大切なのは、その時々で自分たちの”らしさ”を問い直し、必要に応じて更新していく柔軟性を持つことだと思います。Hameeは実際にこれを繰り返してきているからこそ、継続して成長できているんだと実感しています。
新しい技術領域にチャレンジできる開発環境
――開発者目線で見たときのHamee開発部門の強みは何でしょうか?
鈴木:まず、実践的な経験にもとづく課題解決力です。
Hameeは自社で複数のブランド、BtoCやBtoBのビジネスを展開しているので、開発部門も実際のビジネス課題に直接触れる機会が多くあるんです。

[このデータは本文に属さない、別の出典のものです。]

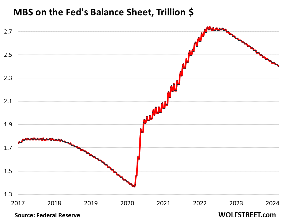 All of this dramatically slowed the pass-through principal payments to MBS holders, and so the MBS are coming off the balance sheet only at a glacial pace that’s far below the $35-billion cap.

なので、より実践的で効果的なソリューションを生み出す力を持っています。
また複数ブランドを展開する企業特有の課題、例えばブランド間の在庫管理や顧客データ統合などに対してもしっかり理解を深めながら、独自の解決策を考えることができます。
一方で、先進的な技術領域に積極的に挑戦する姿勢も強みの一つです。
新しい技術やツール導入に積極的で、常にトレンドをキャッチアップするカルチャーなので革新的なソリューションが生まれやすい環境だと思います。
またエンジニアの自主性を重視して、新しいアイデアや技術導入を奨励する環境なので、エンジニアとしての成長機会がたくさんあります。そんな環境だからこそ、ネクストエンジンを生み出すことができました。
分社後もその環境は引き続きHameeにあります。既存の強みを活かしつつ、新しい技術領域に常にチャレンジできる環境はとても魅力的だと思います。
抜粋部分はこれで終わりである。